On top of that, there is the issue of customer confidentiality. My employment contract included robust customer confidentiality clauses and, as is normal in the industry, most customer contracts also included confidentiality clauses. To meet the proposed code, in my example all of the relevant customers, which might be many hundreds, would need to consent to the disclosure of their details and the employer would need to consent to the breach of the employment contract. That simply would not happen. It would be much easier for the employer to terminate the employment or to employ someone else. Further, it would be difficult, even impossible to say what level of remuneration related to the foreign state entities, even if the employer allowed it.

I confess that I find the wording of paragraphs 57(b) and 64 somewhat confusing. To take my example further, let us say that the Member is paid a fixed salary of £50,000 a year by the employer, and the total annual revenues to the employer from the relevant state-related customers totals many millions out of perhaps many hundreds of millions of the total revenue of the employer. I am not at all clear what should be registered here. Should it be the salary, the revenues by customer for the potentially many hundreds of US high schools, or something in between?

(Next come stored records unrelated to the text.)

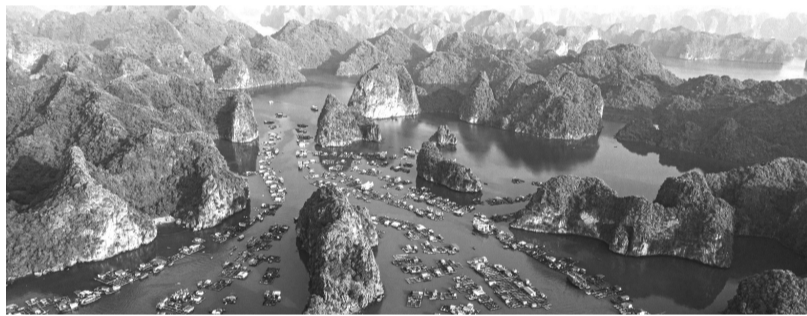
●Vùng biển đảo Cát Bà - Long Châu là một trong 4 vùng tự nhiên không gian biển Hải Phòng.

được hình thành, hoạt động một cách có hiệu quả. Trong đó, có thể kể đến là dự án phát triển văn hóa đọc “Ô cửa sách”.
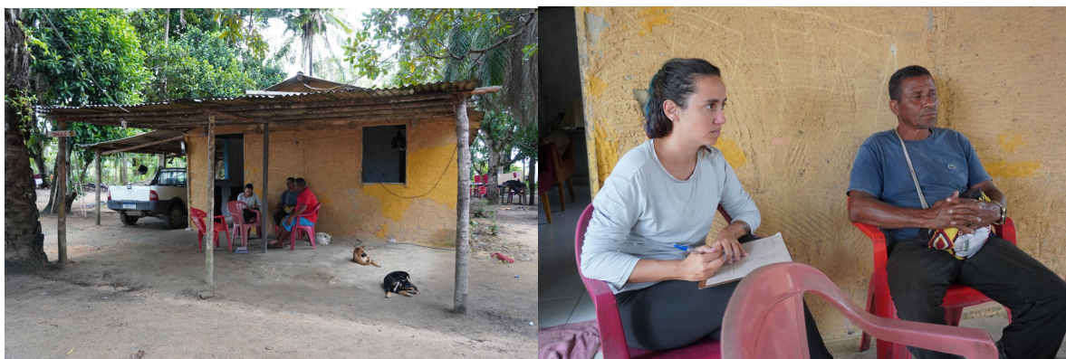
Figura 2: Entrevista realizada com as lideranças da aldeia Nova Canaã. Ref. 02 jun. 2025.

A segunda visita aconteceu em 02 de junho de 2025, quando foi realizada a aplicação do questionário (Figura 2). O questionário foi aplicado junto ao cacique da aldeia e uma de suas lideranças, e contempla os seguintes temas: perfil da população, caracterização do território, sobreposições territoriais, empreendimentos, direitos sociais (saneamento básico, moradia, educação, saúde), assistência social, intolerância religiosa e segurança. A aplicação da entrevista foi gravada para auxiliar no processo de sistematização das informações coletadas. A transcrição da entrevista encontra-se no anexo B.
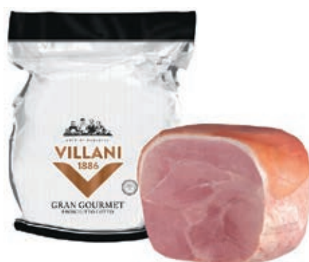
COT510 COTTO GRANGOURMET A METÀ
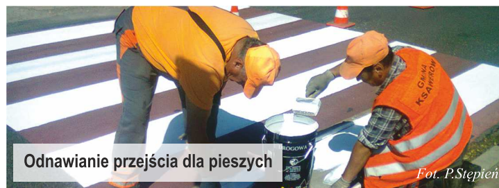
Odnawianie przejścia dla pieszych
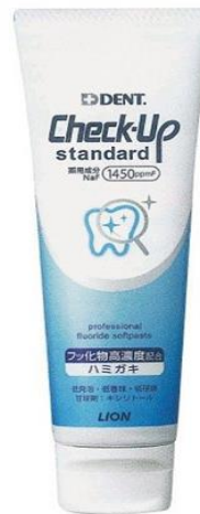
チェックアップ (6歳以上が対象です)
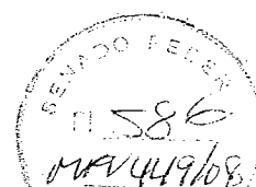
Sérgio Petecão Deputado Federal PMN/AC

Sala das Sessões, em 10 de dezembro de 2008
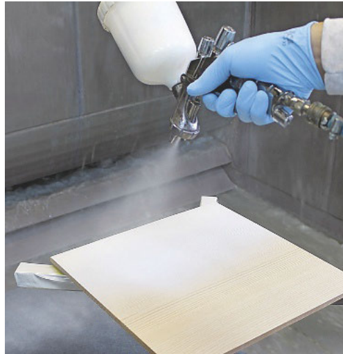
2. Auftrag eines wässrig basierten Farblacks mit 120 g/m 2 . Im Anschluss für vier Stunden bei 20 °C trocknen lassen
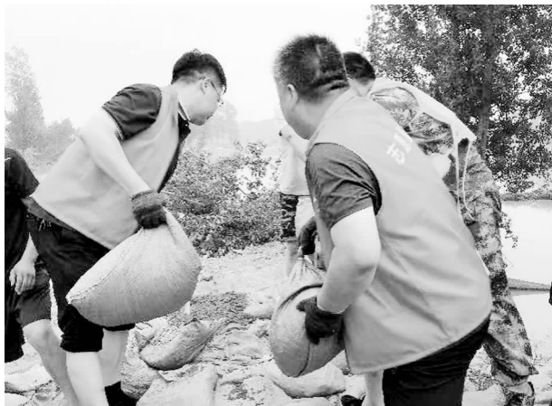
7 月 26 日，农改中心志愿服务队到南席镇马武村防汛救灾

【志愿服务工作】 一是每周由班子成员率领志愿服务队到结对帮扶的老城镇头堡村社区开展“双报到双报告”暨志愿服务活动。积极宣传疫情防控知识，开展端午送温暖、清洁家园等志愿服务活动 16 次。二是组建文明志愿服务队，招募志愿者参加志愿活动。在全省排名 1002 名，累计服务时长 6020.9 时，人均志愿服务时长 334.5 时。三是积极参与城市创建，深入开展“做文明有礼长葛人”志愿服务活动，

The challenge we face is that every situation is different and a one-size-fits-all approach may have the unintended consequence of causing a perfectly reasonable employment to be terminated. In the example that I have given, would it not be sufficiently transparent to register the employment, describe the types of customers and which countries, and disclose the total remuneration received by the Member from the employer? Providing individual details, as the code will require, including trying to apportion revenues of a host of arm’s-length customers, may not be practical or possible and, frankly, may not add much to the transparency anyway.

I said at the start that I support the principle of these proposed changes and I suspect that the practical issues that I have raised will not be common. Therefore, I do not support the amendment in the name of the noble and learned Lord, Lord Garnier. However, I urge the Conduct Committee to keep under review whether the new rules are creating an impediment to perfectly normal and reasonable employment situations, and if necessary to introduce some flexibility to look at particular situations and advise appropriate disclosure on a case-by-case basis that does not necessarily involve naming the underlying individual clients.

On the other hand, there is one area where the code may need tightening further in respect of foreign state entities—that of employment in a sales or an introduction role. It is not hard to imagine that being a Member of this House might open doors. If, for example, a Member, as an employee or consultant, made or facilitated a sale of a software solution to a foreign state, the Member would not be providing any service to that foreign state customer. The employment or consultancy relationship would have to be registered, but because no service was being personally provided to it the foreign state connection would not have to be disclosed under the proposed rules, even if the Member received a commission from the employer directly related to the sale or introduction. That feels like something that ought to be disclosed.

While I do not agree with everything in the amendment from the noble Lord, Lord Balfe, mainly because we need to recognise that this House is different from the full-time salaried House of Commons, and I will not therefore support the amendment, I agree that these matters must be kept under review to make sure that we are properly transparent about potential conflicts of interest.